The house has been restored to its condition during Johnson's 11-year occupancy (from 1748 to 1759) and retains many original features — including some heavy-duty crime prevention measures and an ingenious `cellarette' in the dining room. Arranged over several floors, the house has no shortage of stairs, but then to quote the friendly attendant, 'the chairs are for sitting on, not gawping at'.
A hand-held audio guide provides more detail and anecdotal information about Dr Johnson — and there's no shortage of that either, thanks to his biographer James Boswell. The audio guide (which comes in Mandarin and Japanese as well as English) is available free of charge for those not able to tackle the stairs.
The house contains some unexpected treasures. A brick from the Great Wall of China is a tangible reminder of Johnson's unrealised ambition to visit it, while the garret is home to a model toy workshop presented to the house by firefighters in World War II.
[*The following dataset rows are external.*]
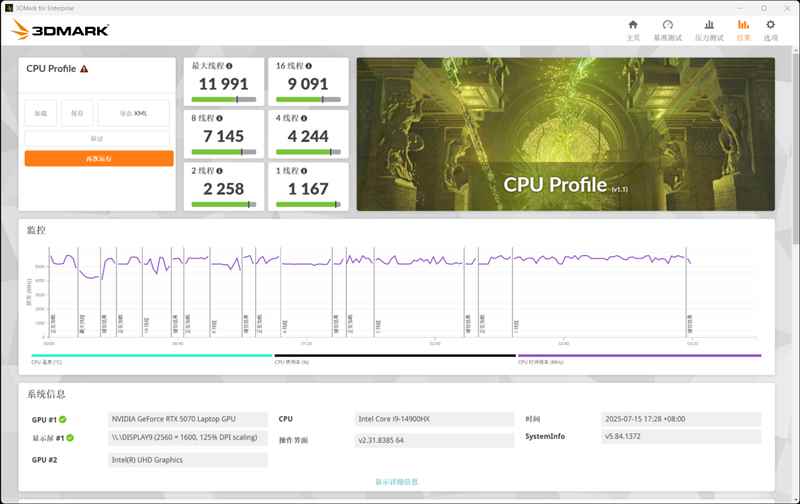 在3Dmark CPU性能测试中,单线程成绩为1167,最大线程成绩为11991。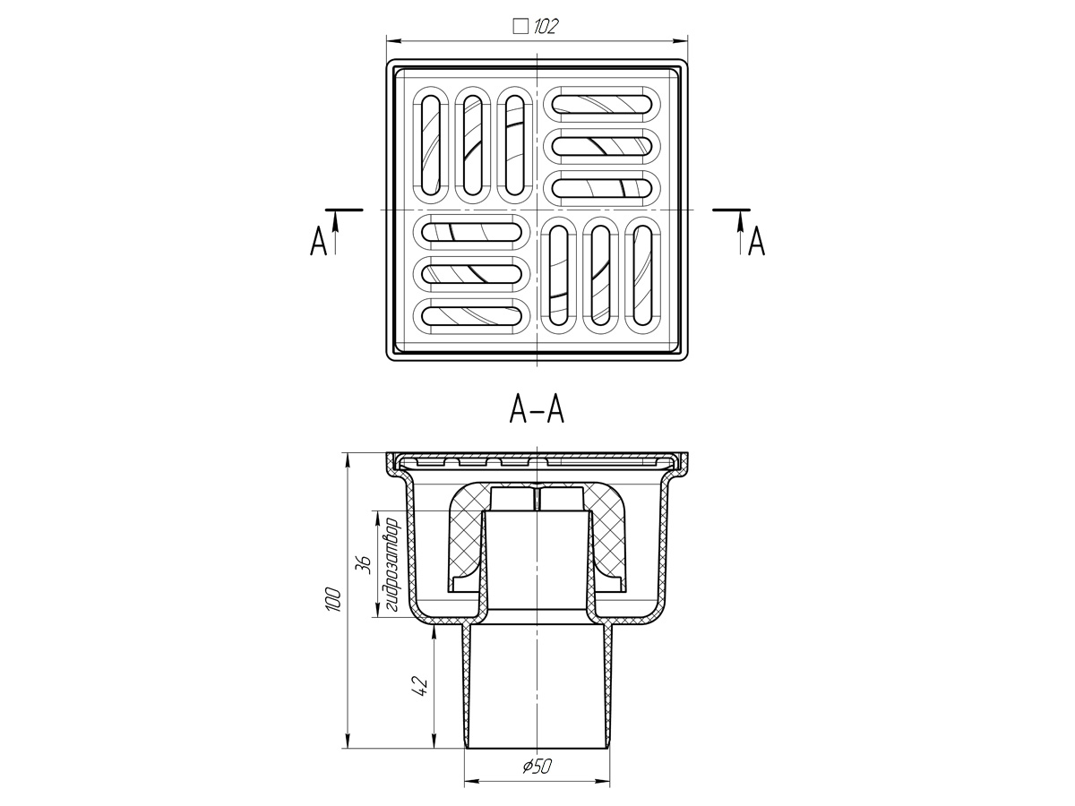 Трап верт. вып. 50 (100х100) нерж. ТА5202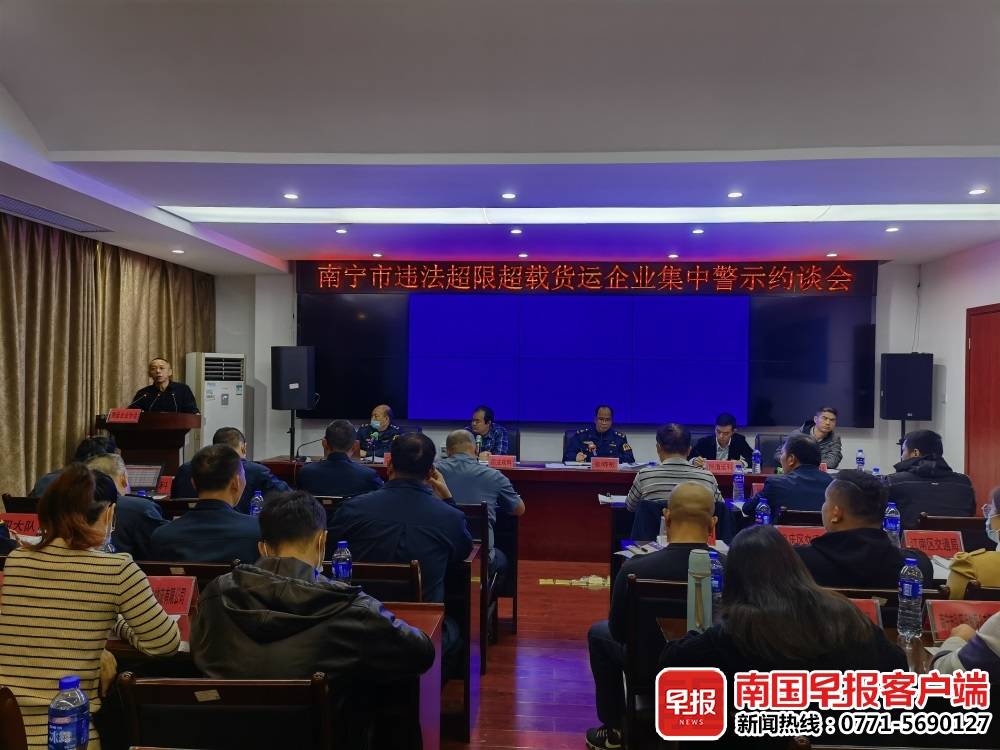 当天警示约谈会现场,部门通报了南宁市21家第三季度超限运输车辆较多的企业,南宁市华宝物流有限公司等被通报。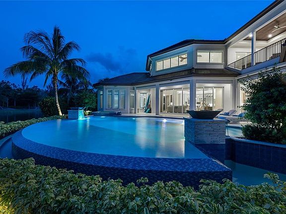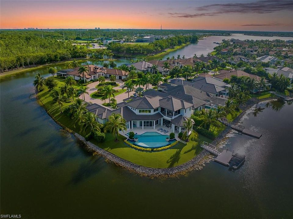 The ultimate waterfront lifestyle awaits in this exclusive Estate property with private dock in Miromar Lakes Beach & Golf Club. Perfectly designed on a private peninsula waterfront homesite, this magnificent 5-bedroom residence showcases exquisite architectural details. The centerpiece is a soaring, open-concept great room with grand chandelier & lighted 24-foot dual-sided linear gas fireplace. Design features include white oak wood flooring, tongue-and-groove and wood beam ceiling details, designer tile, open concept gourmet kitchen, butler’s pantry, and back-up generator. The primary suite offers a gracious bath with dressing area, steam shower, 3 walk in closets including a hers dressing room and separate entry. The second-floor with elevator access includes a game room, en suite bedroom, and open-air balcony. The outdoor oasis offers living room, fireplace, cooling system, electric screens, fully turfed yard with sprinkler system, wrap-around bar with grill and resort-style saltwater infinity edge pool, spa, outdoor shower, private dock. Tesla charger, AC garages, and home gym which can be converted back to additional garage. This is the perfect property for a discerning buyer looking to immediately begin enjoying the Miromar Lakes lifestyle and its unparalleled waterfront living. As the only southwest Florida community with miles of beach, boating, golf, and resort-style amenities in one picturesque destination, it offers a truly remarkable lifestyle. Water-ski, paddle board, kayak, sail, or fish on the 700-acre freshwater lake, unwind at the wellness spa, play the Arthur Hills “Signature” championship golf course, hone your tennis, or pickleball skills, or simply relax in the dreamy beachfront cabanas. Located minutes from Southwest Florida International Airport, world-class beaches, shopping, and dining.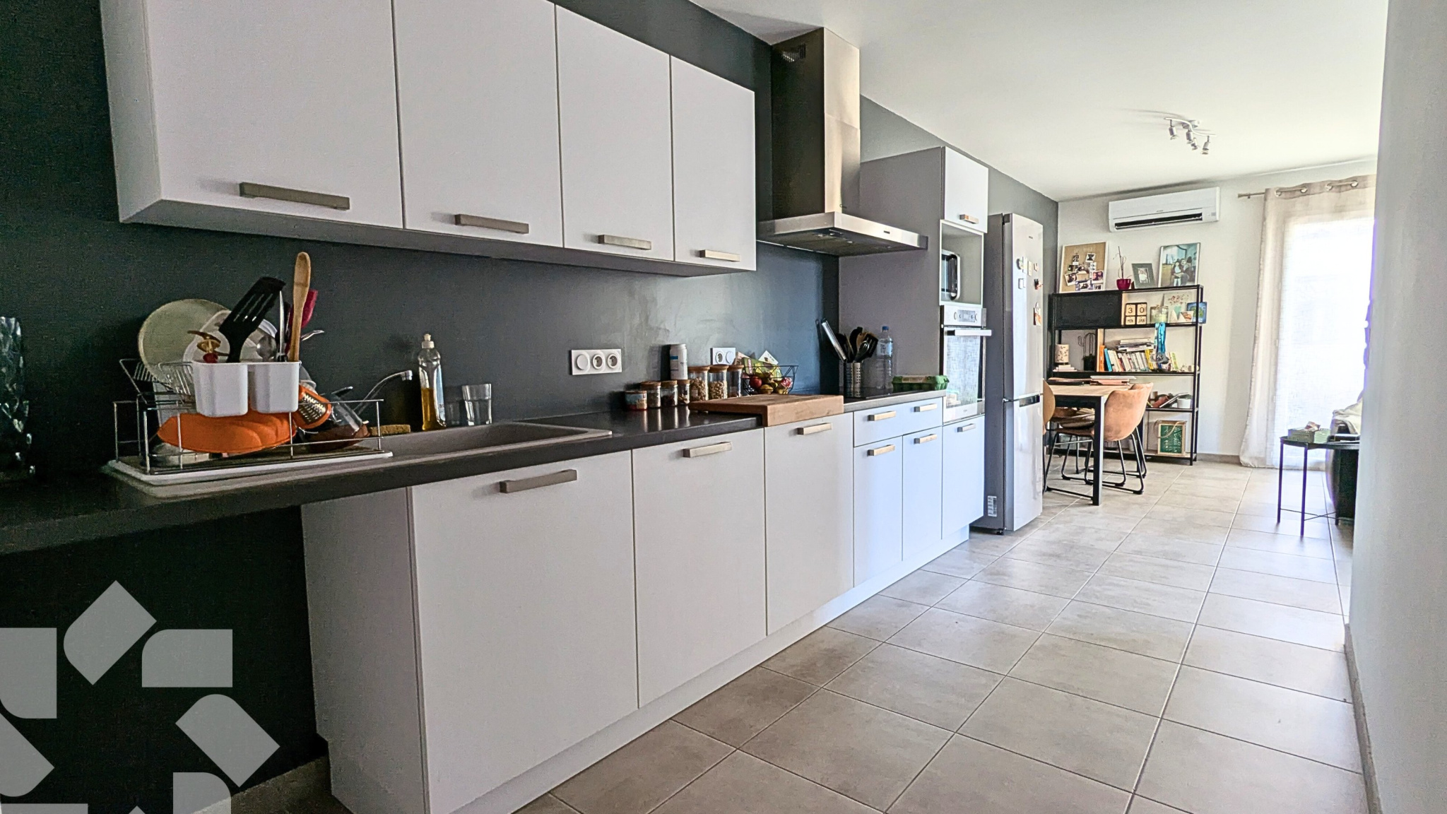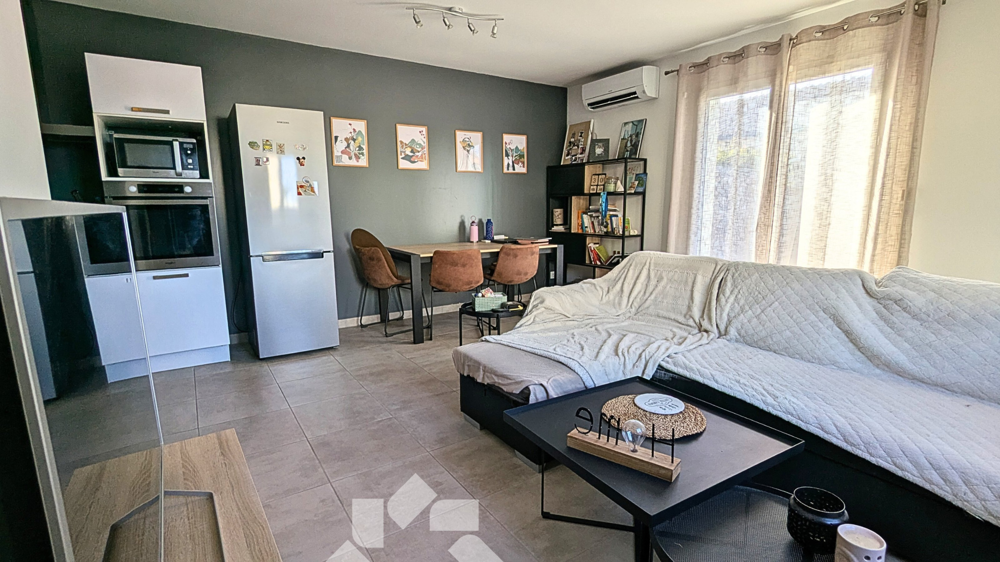 Celle-ci est composée d'un beau salon/séjour/cuisine, de deux chambres avec grands placard, et d'une salle d'eau avec WC.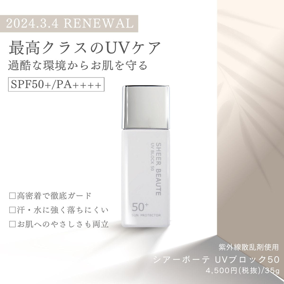 高いSPF/PA値特有の重く感じるような負担を軽減し、お肌にストレスを与えない処方で快適に過ごせます。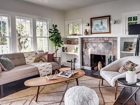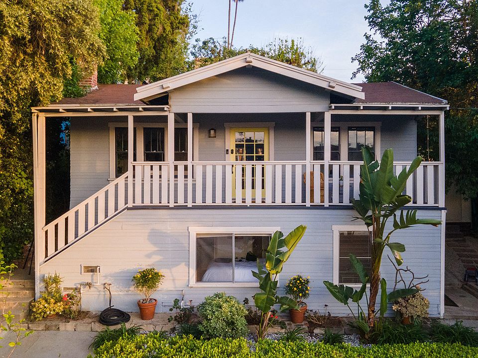 Located on a quiet street, just around the corner from Found Coffee, Little Beast and Trader Joe's, this California bungalow is tucked up atop a verdant hillside with panoramic views. With its treehouse vibes, the 780 sq ft main house has 2 bedrooms, drenched in light and a bright full bathroom. Original Craftsman details and espresso oak flooring lends to the romantic charm of the interior. During summer sunsets, tangerine and pink hues bathe the entire living space, reminiscent of a Monet masterpiece. A separate area downstairs is a one bedroom unit with a private patio which garnered $1600/mo. It's the perfect solution for guests, a creative studio or added income. Entertain and recharge in the magical backyard oasis. Host an alfresco dinner under the stars. For dessert, head up the meandering path to your private perch with views of Griffith Park and beyond. Located in the award-winning school districts of Dahlia Height Elementary and Eagle Rock High School.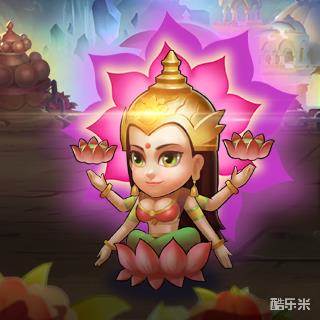 在《诸神大乱斗》中,吉祥天女肤色洁白,头上有高耸的发髻,坐于莲座上。她有着四只手臂,其中两只手上举着天灾莲花,身后有着巨大的红色莲花光环。她有着莲花爆裂、莲花牢狱和战争鼓舞三个普通攻击技能,以及一个沉睡魔咒的特殊技能,使用时能够使场上所有敌人陷入沉睡。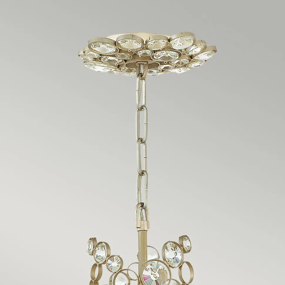 Eine Vielzahl an geschliffenen Kristallen setzen einen dekorativen Akzent und machen aus der Hängelampe einen außergewöhnlichen Lichtbringer
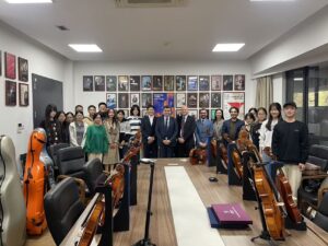 Si è svolta il giorno 27 ottobre 2025 la masterclass sull’arte della liuteria, intitolata Cremona Violins. Il Consorzio Liutai ‘Antonio Stradivari’ Cremona allo Zhejiang Conservatory of Music (ZJCM) a Hangzhou, Zhejiang. Durante l’occasione, i tre Maestri Liutai del Consorzio “Antonio Stradivari” di Cremona, Sandro Asinari, nonché vicepresidente del Consorzio, e i Maestri Andrea Grisales e Marco Piccinotti, hanno condiviso con i presenti la storia del Consorzio, della liuteria cremonese e le varie fasi di lavorazione di un violino. Agli studenti è stata data anche l’opportunità di provare personalmente gli strumenti portati direttamente dal Consorzio per apprezzarne da vicino la qualità artigianale e il suono. Inoltre, gli studenti hanno ricevuto assistenza nelle operazioni quotidiane di buona manutenzione dei loro strumenti – violini, viole, violoncelli e contrabbassi.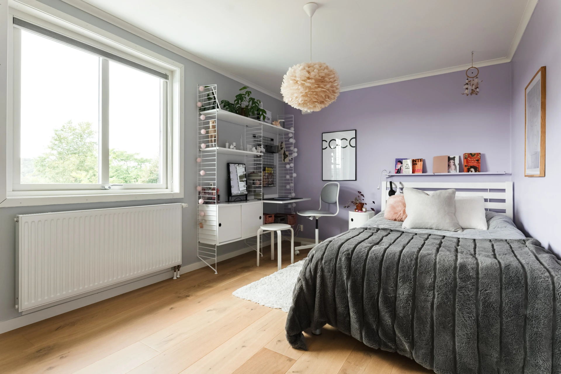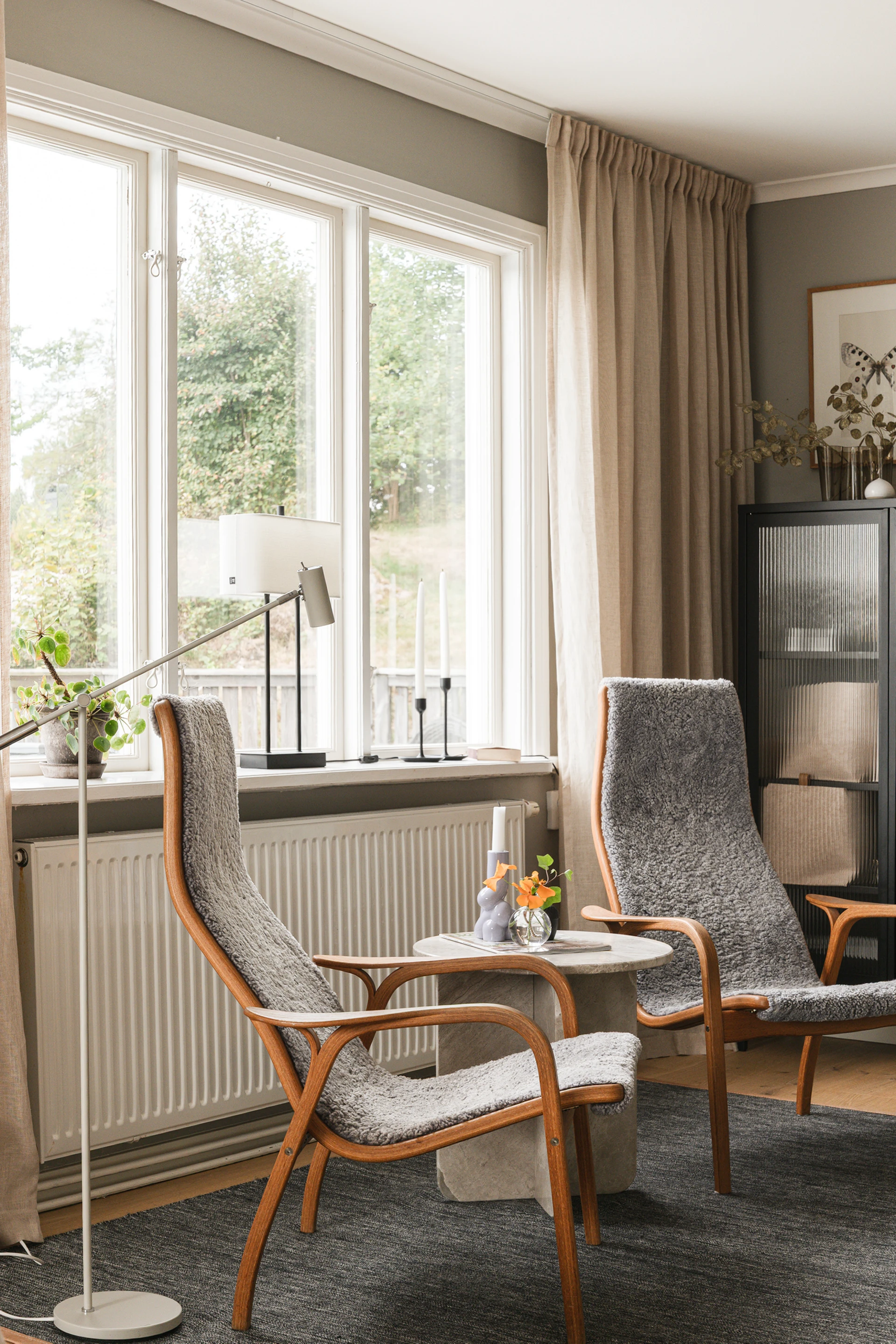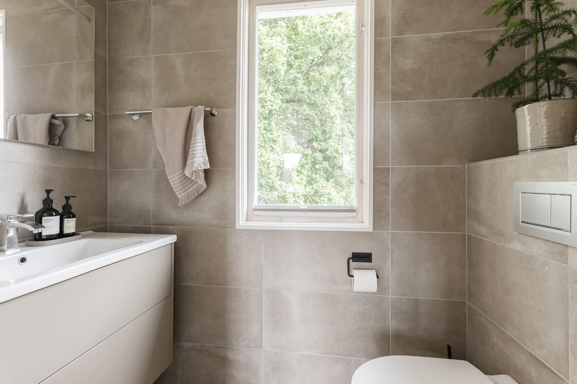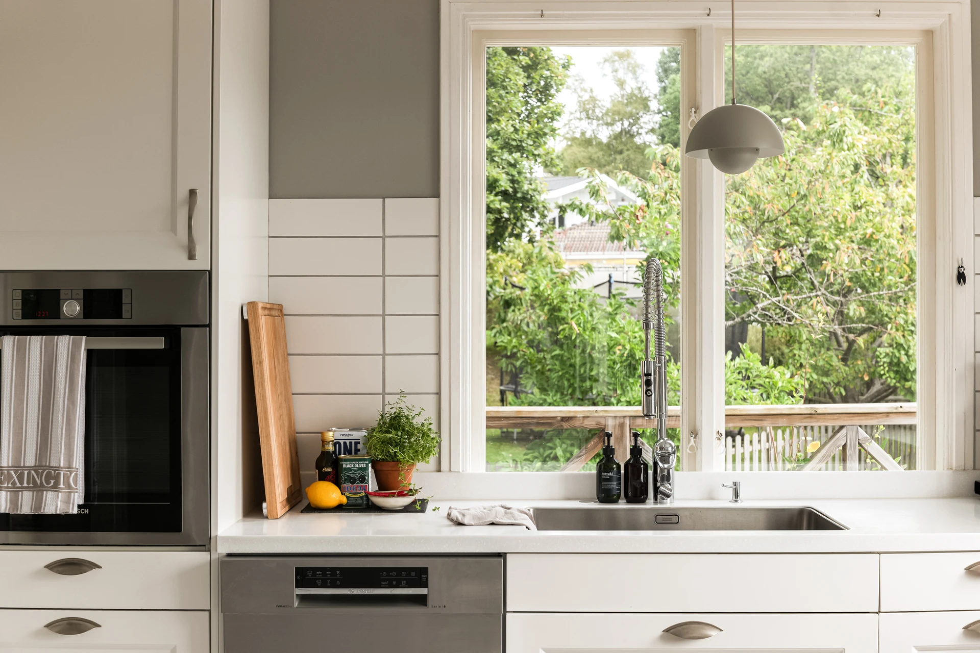 Inne möts du av en genomgående smakfull interiör där varje detalj är noggrant avvägd. En vacker enstavsparkett i varm ton från Pergo löper genom rummen och samspelar med harmoniska färgval och påkostade material. De stora fönsterpartierna fyller huset med ljus och skapar en naturlig känsla av rymd och elegans.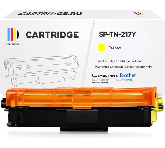 Тип: совместимый. Ресурс: 2 300 страниц формата А4 при 5% заполнении страницы. Цвет: Желтый. Совместим с принтерами: Brother DCP-L3550CDW , Brother HL-L3230CDW, Brother MFC-L3770CDW. Вид товара: Картридж лазерный Аналог: Brother TN-217Y

Books, paintings and memorabilia of Dr Johnson and his circle can be found throughout the house and there's an entertaining and informative video show as well as free information sheets (now available in 10 languages).
Changing displays and exhibitions keep things fresh for regulars while younger visitors can try on a selection of replica Georgian clothing. The courtyard outside the house contains a statue of Hodge, Johnson's much-loved cat who was, according to his master at least, "a very fine cat, a very fine cat indeed".
Johnson was renowned for his witty aphorisms, the most famous of which relates to the city in which he made his home, "When a man is tired of London, he is tired of life; for there is in London all that life can afford." Cards and collections of Johnson's sayings and bon mots are available in the small shop.
Incidentally, a glance in a facsimile of his Dictionary reveals that the great man defined a museum as 'a repository of learned curiosities' — a description that fits this characterful old house like a glove.